Download or read book Statebuilding by Imposition written by Reo Matsuzaki and published by Cornell University Press. This book was released on 2019-03-15 with total page 171 pages. Available in PDF, EPUB and Kindle. Book excerpt: How do modern states emerge from the turmoil of undergoverned spaces? This is the question Reo Matsuzaki ponders in Statebuilding by Imposition. Comparing Taiwan and the Philippines under the colonial rule of Japan and the United States, in the late nineteenth and early twentieth centuries, he shows similar situations produce different outcomes and yet lead us to one conclusion. Contemporary statebuilding efforts by the US and the UN start from the premise that strong states can and should be constructed through the establishment of representative government institutions, a liberalized economy, and laws that protect private property and advance personal liberties. But when statebuilding runs into widespread popular resistance, as it did in both Taiwan the Philippines, statebuilding success depends on reconfiguring the very fabric of society, embracing local elites rather than the broad population, and giving elites the power to discipline the people. In Taiwan under Japanese rule, local elites behaved as obedient and effective intermediaries and contributed to government authority; in the Philippines under US rule, they became the very cause of the state's weakness by aggrandizing wealth, corrupting the bureaucracy, and obstructing policy enforcement. As Statebuilding by Imposition details, Taiwanese and Filipino history teaches us that the imposition of democracy is no guarantee of success when forming a new state and that illiberal actions may actually be more effective. Matsuzaki's controversial political history forces us to question whether statebuilding, given what it would take for this to result in the construction of a strong state, is the best way to address undergoverned spaces in the world today.

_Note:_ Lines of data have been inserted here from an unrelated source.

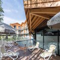 In addition to the spacious living quarters, the apartment features a well-equipped kitchen for those who prefer to cook their own meals. The residence also boasts a range of recreational amenities to enhance guests' stay, including a heated semi-covered swimming pool with free access from 10 AM to 7 PM, and additional wellness facilities such as a sauna and hammam (with an extra charge). For guests who wish to maintain their fitness routine, a fitness room is available. Covered parking is provided for one vehicle per apartment, ensuring ease of access. Additional services, such as breakfast and sauna access, are available for an extra fee, enhancing the overall comfort and convenience of the stay.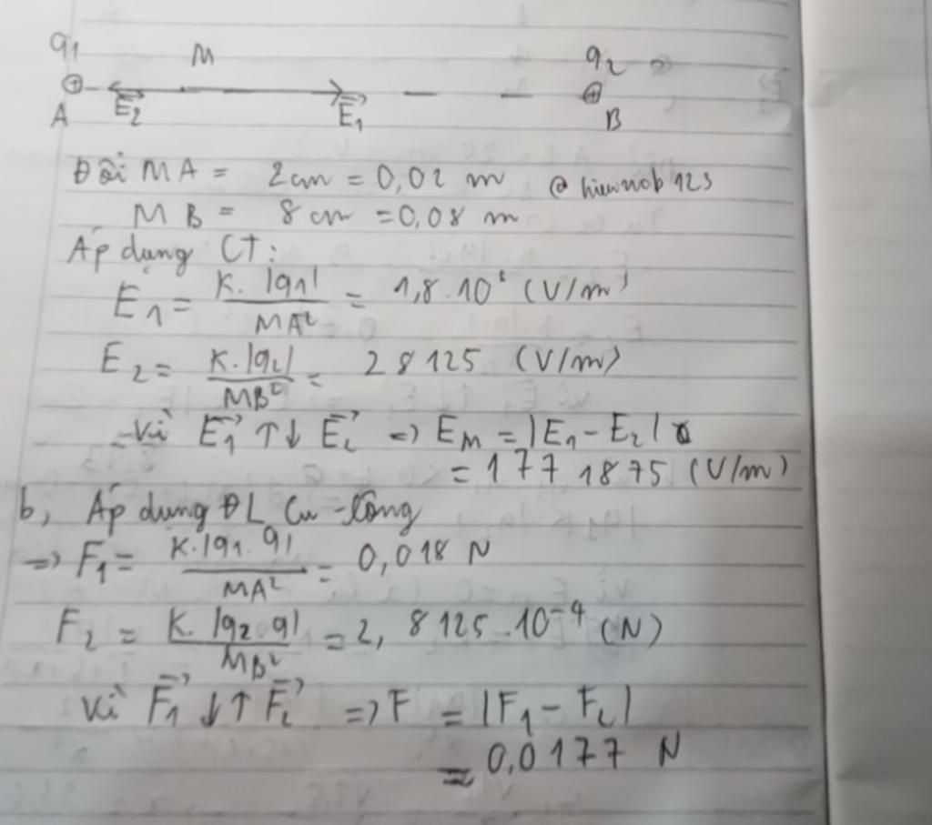 a) Cường độ điện trường do `q_{1}` tác dụng lên `M` là: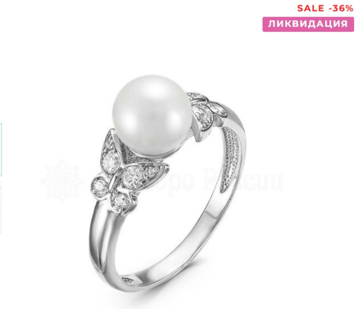 Кольцо из серебра с жемчугом и фианитами родированное 925 пробы к799-жемчуг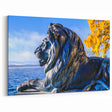 • Featuring a powerful lion sculpture and an autumn lakeside scene, this artwork adds elegance and vibrancy to any space.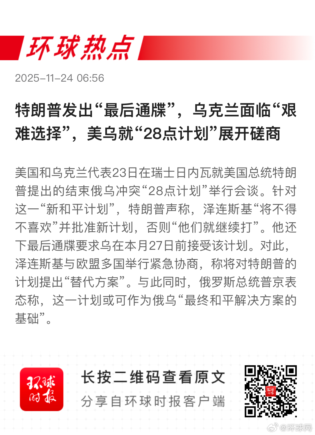 【特朗普称乌克兰领导层对美方努力“毫无感激之情”】当地时间11月23日,美国总统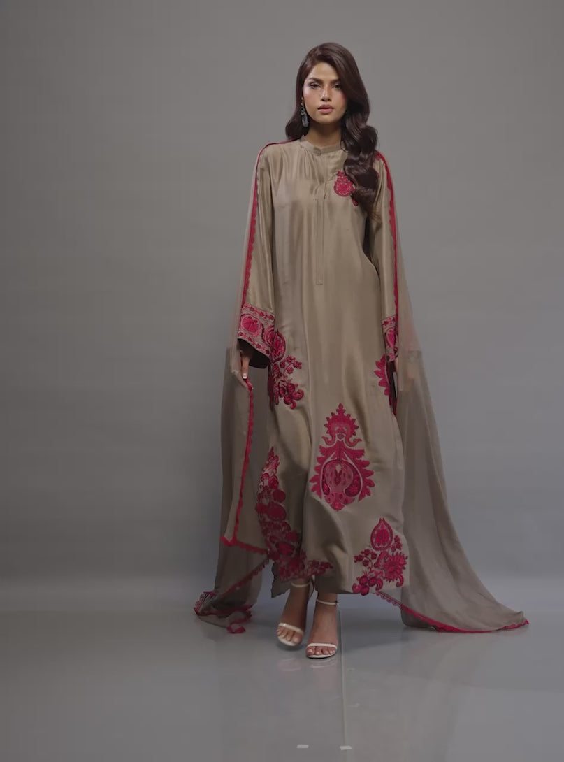 Exude an air of refined grace in this stunning taupe ensemble, a perfect fusion of muted elegance and fiery artisanal detail. The long shirt is meticulously crafted with a clean band collar and a hidden placket, serving as a sophisticated canvas for the bold, crimson-red embroidery that anchors the hem with majestic Suzani motifs. Intricate floral sprays adorn the shoulder and back, while the wide statement cuffs feature dense, traditional threadwork that adds a layer of heritage charm. Completed with a matching pants and a lightweight dupatta finished with a delicate red lace.

Download or read book Report written by United States. Superintendent of Documents and published by . This book was released on 1901 with total page 294 pages. Available in PDF, EPUB and Kindle. Book excerpt:
Download or read book Annual Report of the Public Printer written by United States. Government Printing Office and published by . This book was released on 1911 with total page 556 pages. Available in PDF, EPUB and Kindle. Book excerpt:
Download or read book The Collection of Primitive Weapons and Armor of the Philippine Islands in the United States National Museum written by Herbert William Krieger and published by . This book was released on 1926 with total page 714 pages. Available in PDF, EPUB and Kindle. Book excerpt:
Download or read book Annual Report of the Superintendent of Documents written by United States. Superintendent of Documents and published by . This book was released on 1913 with total page 916 pages. Available in PDF, EPUB and Kindle. Book excerpt:
Download or read book Annual Report written by United States. Government Printing Office and published by . This book was released on 1920 with total page 596 pages. Available in PDF, EPUB and Kindle. Book excerpt:
Download or read book The Closing of the Frontier written by John G. Butcher and published by Institute of Southeast Asian Studies. This book was released on 2004 with total page 476 pages. Available in PDF, EPUB and Kindle. Book excerpt: This book is a history of the marine fisheries of Southeast Asia. It takes as its central theme the movement of fisheries into new fishing grounds, particularly the diverse ecosystems that make up the seas of Southeast Asia. This process accelerated between the 1950s and 1970s in what the author calls the great fish race.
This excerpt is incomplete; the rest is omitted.